For the data that follows, print the line with "この記事では、やちゃいチップ", the line with "Библиотека № 5", and all lines between them, exactly as they stand. Omit pictures and add nothing.

**Source data:**
++++
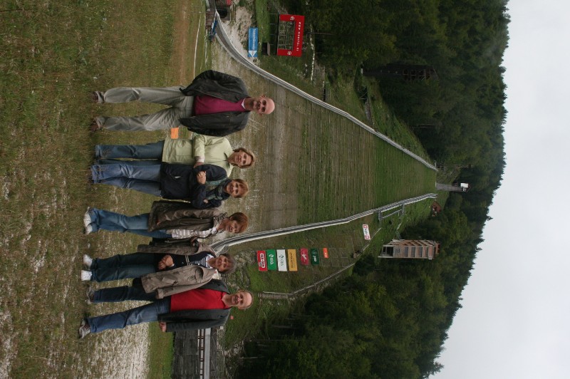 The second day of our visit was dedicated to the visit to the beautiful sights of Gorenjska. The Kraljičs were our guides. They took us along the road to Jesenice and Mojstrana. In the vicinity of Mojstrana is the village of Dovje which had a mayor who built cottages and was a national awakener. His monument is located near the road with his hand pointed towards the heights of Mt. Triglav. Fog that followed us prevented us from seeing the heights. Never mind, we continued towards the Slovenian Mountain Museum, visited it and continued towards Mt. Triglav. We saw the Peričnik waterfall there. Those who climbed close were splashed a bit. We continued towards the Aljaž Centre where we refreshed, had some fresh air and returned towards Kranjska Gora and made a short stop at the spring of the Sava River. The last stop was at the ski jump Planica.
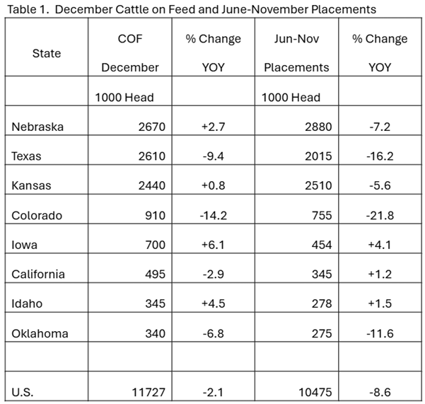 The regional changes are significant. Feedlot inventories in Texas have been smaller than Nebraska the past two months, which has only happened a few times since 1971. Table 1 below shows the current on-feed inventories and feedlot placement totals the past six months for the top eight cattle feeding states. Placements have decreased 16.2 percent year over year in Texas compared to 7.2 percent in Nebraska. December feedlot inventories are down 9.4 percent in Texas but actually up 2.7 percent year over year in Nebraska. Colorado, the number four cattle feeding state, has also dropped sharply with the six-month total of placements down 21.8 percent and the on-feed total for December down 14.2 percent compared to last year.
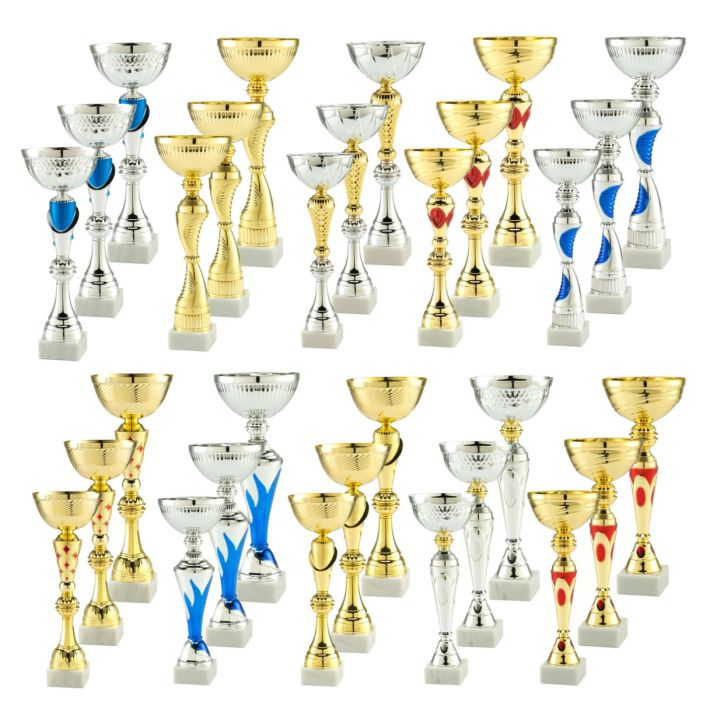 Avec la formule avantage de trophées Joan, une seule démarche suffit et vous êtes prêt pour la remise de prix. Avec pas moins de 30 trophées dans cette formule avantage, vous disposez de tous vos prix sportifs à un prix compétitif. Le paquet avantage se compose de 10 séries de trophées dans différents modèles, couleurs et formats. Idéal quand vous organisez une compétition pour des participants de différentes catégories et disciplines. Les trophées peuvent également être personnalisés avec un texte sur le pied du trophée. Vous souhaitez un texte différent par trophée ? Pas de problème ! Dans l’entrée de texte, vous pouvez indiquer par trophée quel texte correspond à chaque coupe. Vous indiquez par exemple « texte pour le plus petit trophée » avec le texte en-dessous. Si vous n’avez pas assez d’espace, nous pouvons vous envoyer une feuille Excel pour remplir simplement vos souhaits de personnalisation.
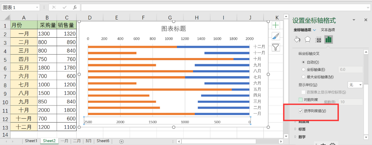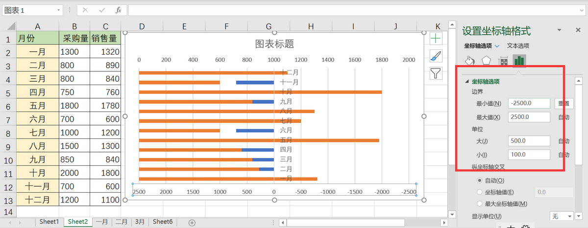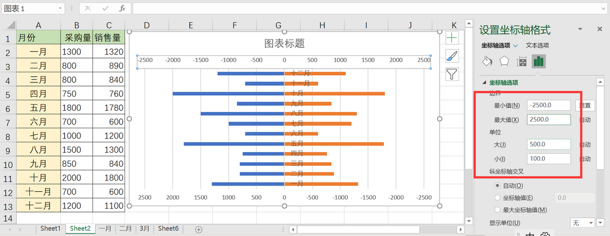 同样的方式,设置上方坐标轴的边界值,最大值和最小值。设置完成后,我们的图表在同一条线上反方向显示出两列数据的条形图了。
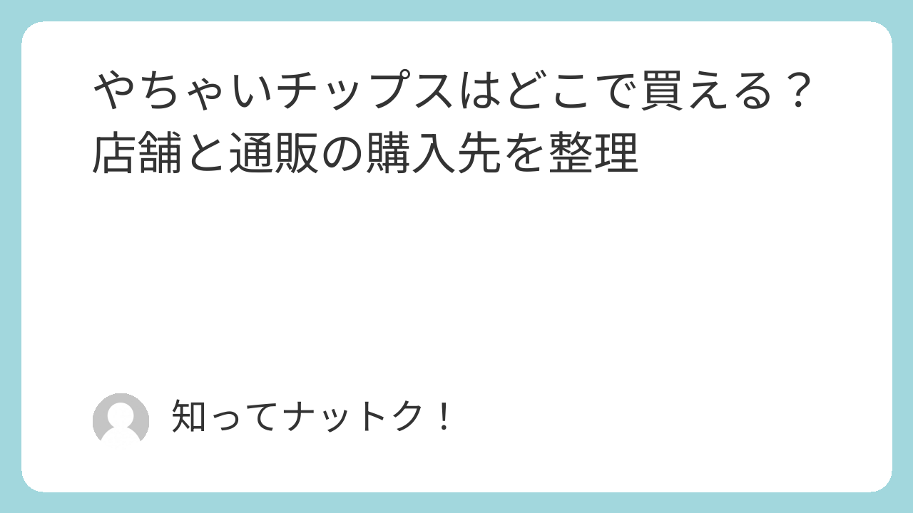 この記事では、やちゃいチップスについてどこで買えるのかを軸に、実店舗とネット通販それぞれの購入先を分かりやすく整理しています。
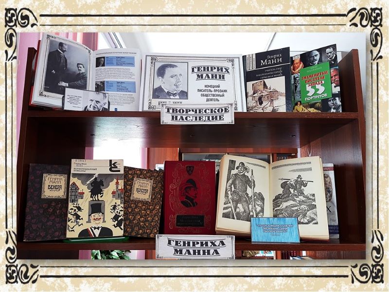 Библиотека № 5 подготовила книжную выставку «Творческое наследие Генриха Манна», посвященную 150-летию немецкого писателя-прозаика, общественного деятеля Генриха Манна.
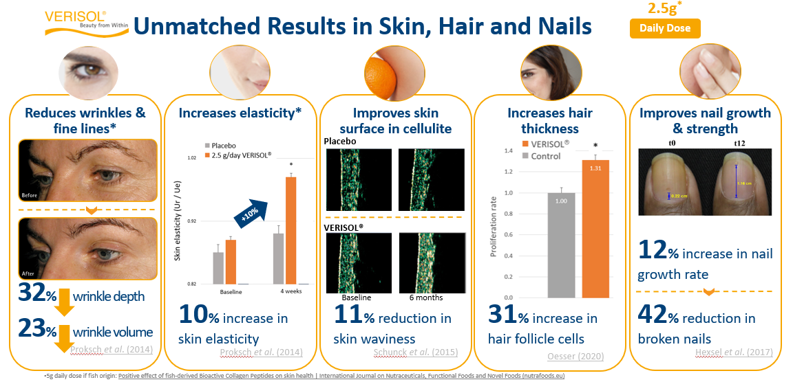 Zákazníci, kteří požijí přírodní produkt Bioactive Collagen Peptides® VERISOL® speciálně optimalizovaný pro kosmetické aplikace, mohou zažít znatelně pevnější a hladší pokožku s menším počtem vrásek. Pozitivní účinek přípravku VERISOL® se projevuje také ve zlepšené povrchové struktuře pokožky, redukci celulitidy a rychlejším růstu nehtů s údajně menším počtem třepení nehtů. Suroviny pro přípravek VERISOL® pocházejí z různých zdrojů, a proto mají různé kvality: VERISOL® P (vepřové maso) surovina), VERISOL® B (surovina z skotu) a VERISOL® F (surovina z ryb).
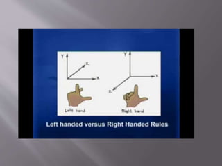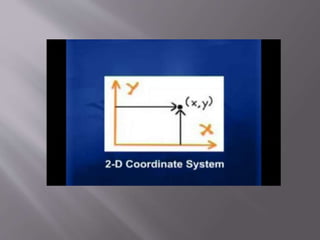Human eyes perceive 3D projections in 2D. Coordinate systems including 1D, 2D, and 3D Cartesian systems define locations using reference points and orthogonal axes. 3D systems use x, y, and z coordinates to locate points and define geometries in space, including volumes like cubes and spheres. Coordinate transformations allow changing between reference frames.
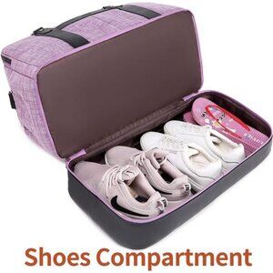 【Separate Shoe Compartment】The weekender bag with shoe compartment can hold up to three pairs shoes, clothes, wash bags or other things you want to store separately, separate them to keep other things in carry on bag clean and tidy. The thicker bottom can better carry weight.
++++
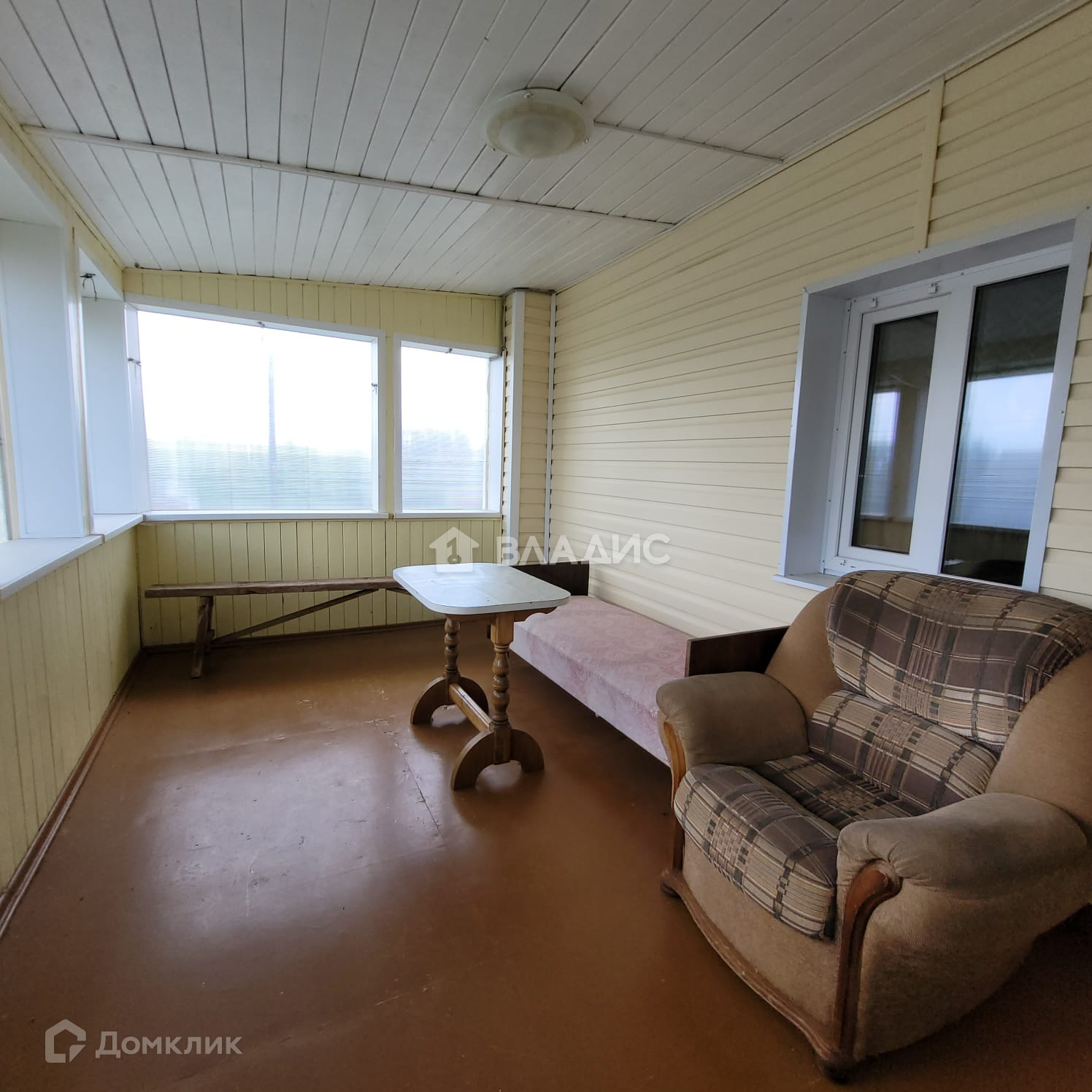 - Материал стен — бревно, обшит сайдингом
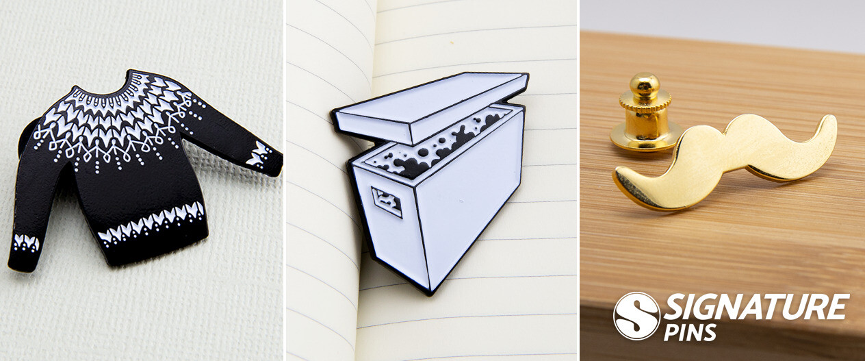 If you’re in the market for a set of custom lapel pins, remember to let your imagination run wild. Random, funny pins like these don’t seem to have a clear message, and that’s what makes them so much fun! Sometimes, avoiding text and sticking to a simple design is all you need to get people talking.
++++
**Exercise result:**
 この記事では、やちゃいチップスについてどこで買えるのかを軸に、実店舗とネット通販それぞれの購入先を分かりやすく整理しています。
 Библиотека № 5 подготовила книжную выставку «Творческое наследие Генриха Манна», посвященную 150-летию немецкого писателя-прозаика, общественного деятеля Генриха Манна.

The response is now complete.